The euro declined against its major rivals in European deals on Thursday, due to divergence of monetary policy of the European Central Bank with that of other major central banks.
The Federal Reserve on Wednesday backed away from its pledge to be “patient” Wednesday, a strong signal that the central bank will hike interest rates in July or September.
The Fed said a rate hike in April is unlikely and although Fed Chair Janet Yellen said a June rate hike cannot be ruled out, a slight downgrade in the economic outlook means that tightening may pushed out until the second half of the year.
By contrast, the European Central Bank’s €1.1 trillion stimulus programme launched last week has crushed the euro and bond yields lower. The central bank is too far from the possibility of a policy tightening, given its QE program is set to run till September 2016.

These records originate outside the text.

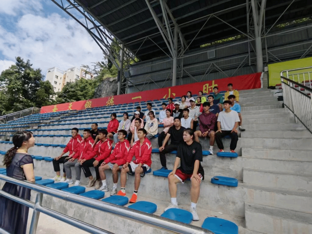 7月23日下午,安顺学院体育学院院长邓文红到田径场看望代表学校参加2023年贵州省大中学生田径锦标赛的全体教练员和运动员。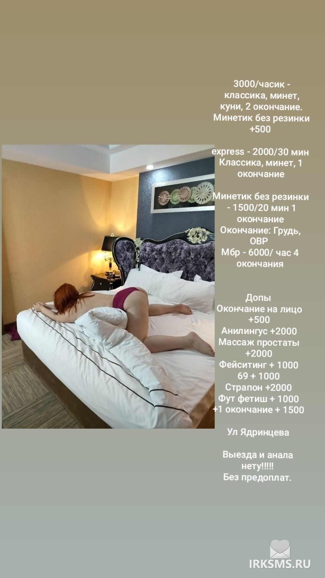 правильно зашли в раздел - здесь база всех самых доступных индивидуалок Иркутска.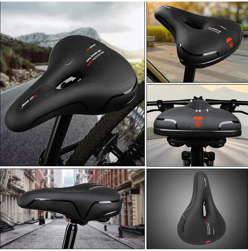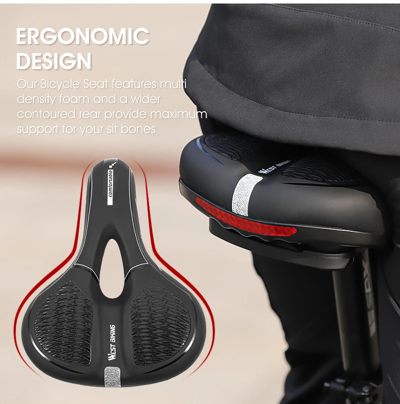 WEST BIKIMG утолщенное велосипедное седло красно-желтого цвета, Светоотражающий ремень, предупреждающее мягкое амортизирующее Велосипедное Сиденье, MTB седло горного велосипеда велосипед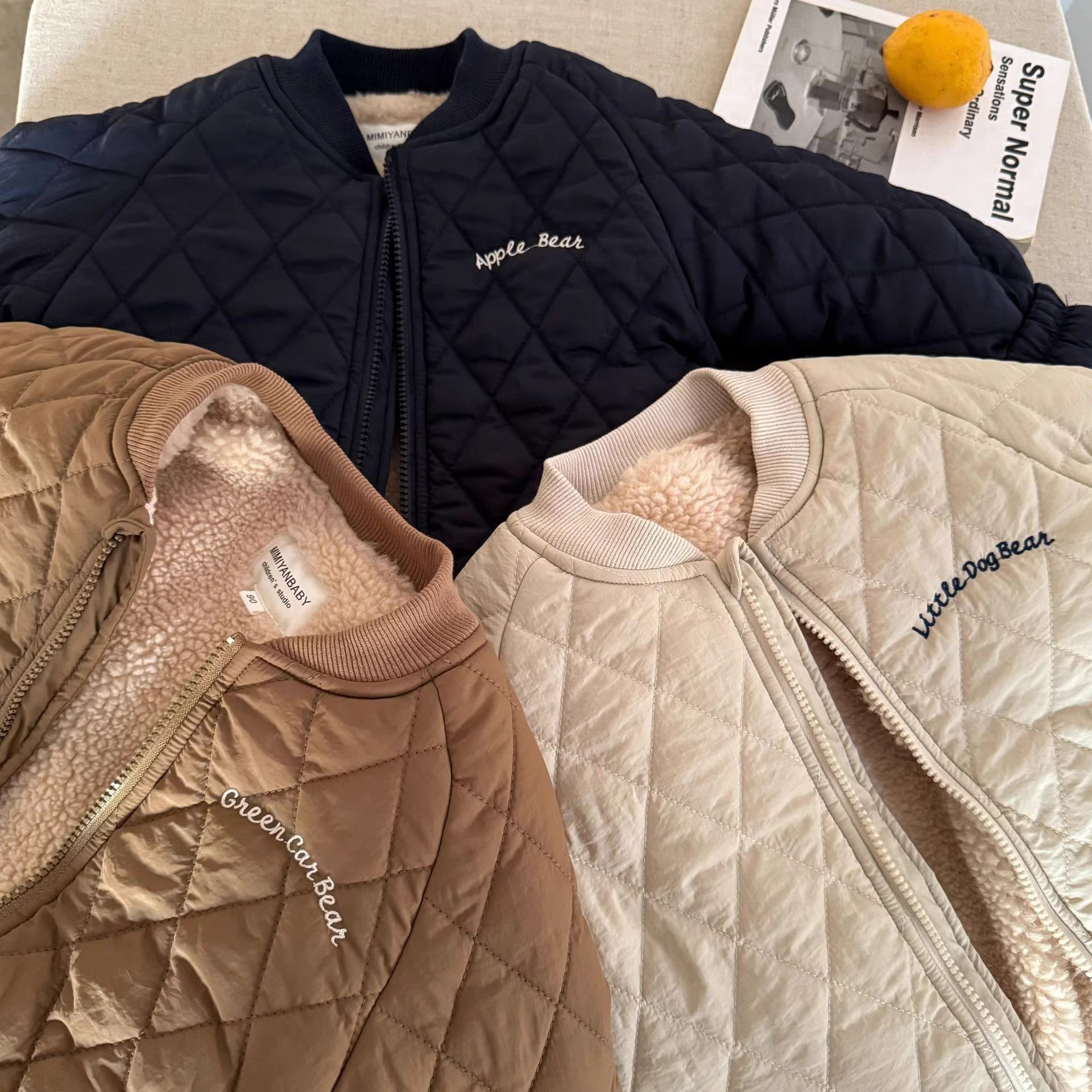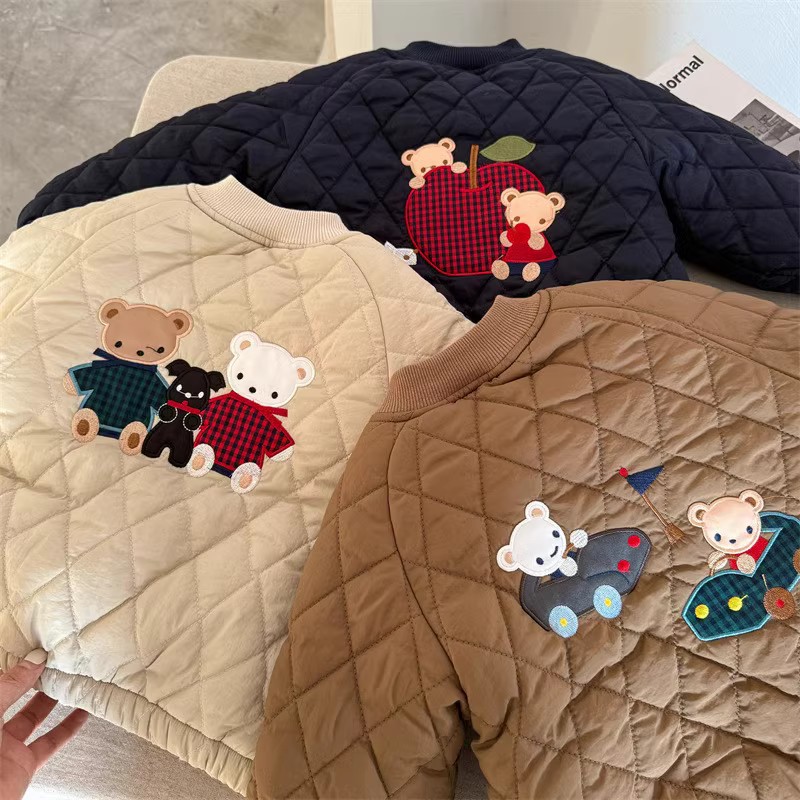 당일 출고 가능! 어린이 2024 가을과 겨울 새로운 남녀 아동복 두꺼운 만화 면화 옷 아기 자수 면화 코트스토어 가기

Concerns over Greece bailout aid also weighed on the euro, as the European leaders are yet to unlock last tranche of EUR 240 billion bailout aid to Greece. Greece is facing stiff opposition from its European partners, especially Germany, for funding assistance, as it has not pushed through economic reforms demanded by EU.
Greek Prime Minister Alexis Tsipras is due to hold talks with EU leaders at a European Union summit in Brussels starting today. Tsipras is seeking a meeting with German Chancellor Angela Merkel, European Central Bank President Mario Draghi, French President Francois Hollande and European Commission head Jean-Claude Juncker to discuss a political solution to the crisis.
Greece has to pay EUR 300 million to International Monetary Fund and redeem EUR 1.6 billion in treasury bills by Friday.
In economic front, Eurozone labor costs growth slowed for the second consecutive quarter in the three months to December 2014, figures from Eurostat revealed.
The nominal hourly labor costs grew a working-day adjusted 1.1 percent year-on-year following 1.4 percent gain in the third quarter. In the three months to June, labor costs had risen 1.5 percent.
The euro slipped to a 2-day low of 0.7162 against the Sterling, down by 1.5 percent from an early high of 0.7275. If the euro extends decline, 0.70 is seen as its next support level.
The euro pared gains to 128.40 against the yen and 1.0630 against the greenback, from previous highs of 130.83 and 1.0918, respectively. The next possible support for the euro may be located around 127.00 against the yen and 1.00 against the greenback.
The euro fell to a 3-day low of 1.0551 against the Swiss franc, after having advanced to a 9-day high of 1.0699 at 2:55 am ET. Continuation of the euro’s downtrend may take it to a support around the 1.05 area.
The Swiss National Bank left its monetary policy unchanged as widely expected by economists.
The SNB maintained the target range for the three-month libor unchanged at between -1.25 percent and -0.25 percent. The interest rate on sight deposits with the SNB remained at -0.75 percent and the exemption thresholds remain unchanged, the bank said in a statement.
Pulling away from early highs of 1.4547 against the NZ dollar and 1.3673 against the Canadian dollar, the euro slipped to a 2-day low of 1.4355 and 3-day low of 1.3471, respectively. The euro may find downside target around 1.425 against the kiwi and 1.33 against the loonie.
The 19-nation currency fell to 1.3864 against the aussie, off an early high of 1.3999. Next key support for the euro is likely seen around the 1.36 region.
Looking ahead, the U.S. weekly jobless claims for the week ended March 14, leading indicators for February and current account for the fourth quarter are set for release in the New York session.